» PROBLEM: Take the entries below and print, exactly, the stretch from the line containing "Kako se može" through the line containing "6. Isključite kabel", both included.

============

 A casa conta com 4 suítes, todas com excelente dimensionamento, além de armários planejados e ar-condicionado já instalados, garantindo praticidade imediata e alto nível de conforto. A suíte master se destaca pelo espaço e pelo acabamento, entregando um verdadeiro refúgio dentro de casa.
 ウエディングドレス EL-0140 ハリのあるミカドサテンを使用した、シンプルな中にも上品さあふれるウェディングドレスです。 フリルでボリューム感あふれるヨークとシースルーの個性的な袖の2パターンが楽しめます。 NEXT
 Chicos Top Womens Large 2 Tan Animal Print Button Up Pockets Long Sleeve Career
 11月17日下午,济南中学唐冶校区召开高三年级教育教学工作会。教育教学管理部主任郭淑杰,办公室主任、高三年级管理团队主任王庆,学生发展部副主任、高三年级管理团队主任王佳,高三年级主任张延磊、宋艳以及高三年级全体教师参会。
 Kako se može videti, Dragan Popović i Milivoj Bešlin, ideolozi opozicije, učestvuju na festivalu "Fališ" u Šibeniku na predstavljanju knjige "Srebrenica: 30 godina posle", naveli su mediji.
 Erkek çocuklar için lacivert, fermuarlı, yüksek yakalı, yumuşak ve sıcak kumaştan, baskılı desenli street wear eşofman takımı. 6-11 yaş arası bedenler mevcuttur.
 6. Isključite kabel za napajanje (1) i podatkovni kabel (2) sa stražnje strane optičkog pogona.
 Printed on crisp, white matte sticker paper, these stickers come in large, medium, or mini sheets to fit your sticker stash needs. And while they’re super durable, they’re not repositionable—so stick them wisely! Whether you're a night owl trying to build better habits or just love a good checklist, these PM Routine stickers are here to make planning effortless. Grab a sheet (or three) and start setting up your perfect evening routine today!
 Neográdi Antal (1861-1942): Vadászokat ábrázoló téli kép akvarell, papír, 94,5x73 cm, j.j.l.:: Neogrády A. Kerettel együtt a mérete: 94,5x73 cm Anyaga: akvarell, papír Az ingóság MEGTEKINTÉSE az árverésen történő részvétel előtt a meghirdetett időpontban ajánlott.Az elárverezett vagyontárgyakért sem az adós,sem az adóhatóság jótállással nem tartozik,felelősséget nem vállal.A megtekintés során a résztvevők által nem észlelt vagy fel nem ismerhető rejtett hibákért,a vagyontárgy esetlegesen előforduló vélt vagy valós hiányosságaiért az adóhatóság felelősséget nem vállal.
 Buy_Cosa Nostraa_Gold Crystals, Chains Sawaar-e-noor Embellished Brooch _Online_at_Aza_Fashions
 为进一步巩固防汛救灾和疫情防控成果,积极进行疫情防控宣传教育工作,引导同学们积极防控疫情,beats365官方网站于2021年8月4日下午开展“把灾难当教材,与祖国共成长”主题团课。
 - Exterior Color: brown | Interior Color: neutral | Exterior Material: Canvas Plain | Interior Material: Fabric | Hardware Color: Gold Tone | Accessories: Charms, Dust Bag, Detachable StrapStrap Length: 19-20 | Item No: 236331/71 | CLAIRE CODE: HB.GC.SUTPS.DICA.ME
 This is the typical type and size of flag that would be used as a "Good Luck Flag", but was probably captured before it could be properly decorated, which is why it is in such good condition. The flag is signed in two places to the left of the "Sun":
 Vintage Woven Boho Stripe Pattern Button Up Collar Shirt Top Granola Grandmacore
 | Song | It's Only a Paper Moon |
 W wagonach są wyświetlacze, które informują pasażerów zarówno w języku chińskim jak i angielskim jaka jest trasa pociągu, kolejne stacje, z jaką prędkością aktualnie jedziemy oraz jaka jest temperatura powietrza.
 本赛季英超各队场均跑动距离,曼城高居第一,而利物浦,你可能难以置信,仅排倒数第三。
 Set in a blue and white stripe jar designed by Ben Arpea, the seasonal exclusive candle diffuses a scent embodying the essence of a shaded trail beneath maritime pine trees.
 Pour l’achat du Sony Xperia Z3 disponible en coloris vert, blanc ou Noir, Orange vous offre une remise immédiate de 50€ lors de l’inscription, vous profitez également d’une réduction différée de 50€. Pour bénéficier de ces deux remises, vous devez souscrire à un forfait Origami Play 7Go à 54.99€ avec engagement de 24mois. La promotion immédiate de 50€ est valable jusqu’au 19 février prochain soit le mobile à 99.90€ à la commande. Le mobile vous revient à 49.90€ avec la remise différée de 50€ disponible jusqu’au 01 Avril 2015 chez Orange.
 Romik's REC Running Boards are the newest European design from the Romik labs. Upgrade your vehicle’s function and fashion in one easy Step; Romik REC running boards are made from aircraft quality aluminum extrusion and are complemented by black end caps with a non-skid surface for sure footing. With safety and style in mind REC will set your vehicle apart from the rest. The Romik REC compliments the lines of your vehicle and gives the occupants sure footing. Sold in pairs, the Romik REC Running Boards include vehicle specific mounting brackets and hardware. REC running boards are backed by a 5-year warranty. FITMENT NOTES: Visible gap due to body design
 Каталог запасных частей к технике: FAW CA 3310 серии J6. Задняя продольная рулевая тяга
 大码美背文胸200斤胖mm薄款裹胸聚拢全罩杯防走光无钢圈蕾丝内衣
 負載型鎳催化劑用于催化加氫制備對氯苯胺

============

» TASK SOLUTION:
 Kako se može videti, Dragan Popović i Milivoj Bešlin, ideolozi opozicije, učestvuju na festivalu "Fališ" u Šibeniku na predstavljanju knjige "Srebrenica: 30 godina posle", naveli su mediji.
 Erkek çocuklar için lacivert, fermuarlı, yüksek yakalı, yumuşak ve sıcak kumaştan, baskılı desenli street wear eşofman takımı. 6-11 yaş arası bedenler mevcuttur.
 6. Isključite kabel za napajanje (1) i podatkovni kabel (2) sa stražnje strane optičkog pogona.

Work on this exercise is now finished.